Se tardó un momento en responder y se comió varias uvas en el proceso.

—El abuelo dijo que si me quiero dejar crecer el cabello lo puedo hacer y él va a pelearse con todo el mundo en el colegio para que me dejen en paz —explicó Alex—. Y una de las secretarias que se ha leído mi expendiente preguntó que para qué me quiero "hacer pasar" por chico si "me voy a dejar" el cabello de una chica. Islande fue a decirles que si se entera de que me dice algo así otra vez, va a ponerse en contacto con no sé qué cosa y no sé quién de no sé qué...a pelearles también, va a pelearse porque hay unos artículos en la Constitución que dicen algo...algo sobre no meterse con mi cabello y mi género, hasta donde entendí —Alex meneó la cabeza—. Islande es difícil de entender cuando se pone en modo profesional.

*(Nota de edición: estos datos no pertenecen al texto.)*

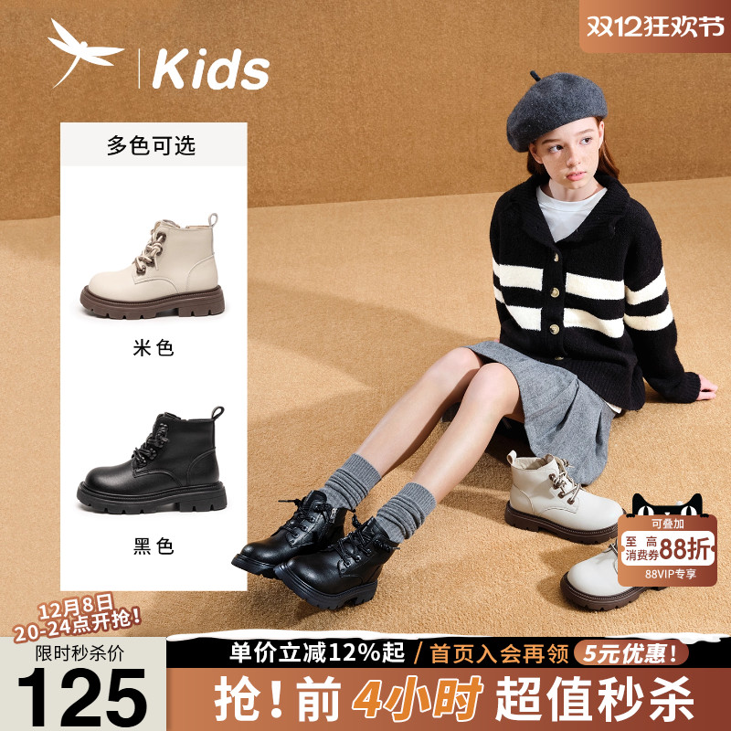 贝然女童短靴马丁靴皮靴真秋冬加绒单靴童靴女童靴男童英伦中筒靴
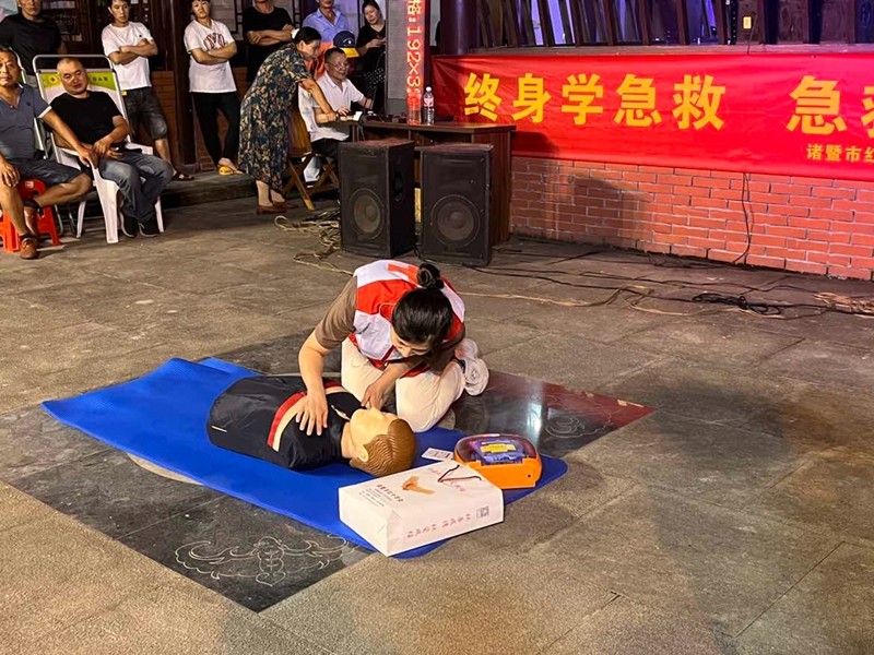 来自诸暨市中医医院的红十字应急救护培训师资徐老师,用朴实的语言讲述了日常可见的心脏骤停、气道异物梗阻的判断方法并用理论与实际操作相结合的方式对心肺复苏术、气道异物梗阻的急救方法进行全方位讲解。
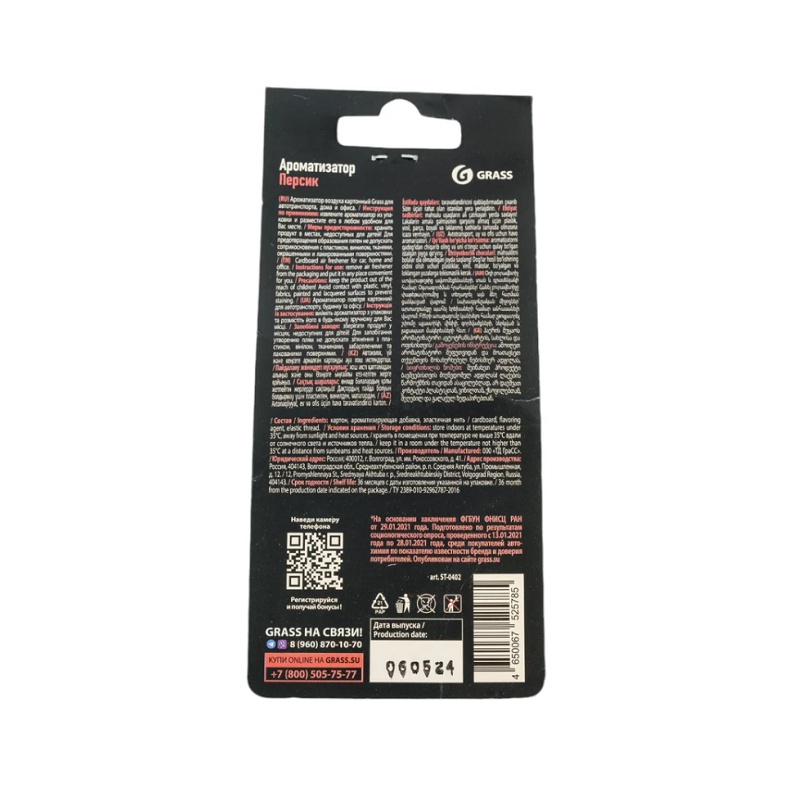 Ароматизатор картонный Grass, персик

Todo eso había pasado sólo porque Alex se enteró de que el cuidado del cabello y el cabello largo eran prácticas comunes al trabajar con Dio y sólo fue a preguntar en coordinación si era permitido por la institución que él, como chico, se lo dejase crecer. Ni siquiera era algo que fuese a hacer. Al menos no lo había decidido.

Suponía que mientras lo siguiesen tratando como chico, no tendría que enfrentarse a su cabello de la manera en que lo hizo antes. Y eso era una idea rara. Implicaba que no necesitaba pensar en un estilo específico para tener un poco de "passing", sino que podía elegir qué le gustaba. Podía ver con qué estaba más cómodo.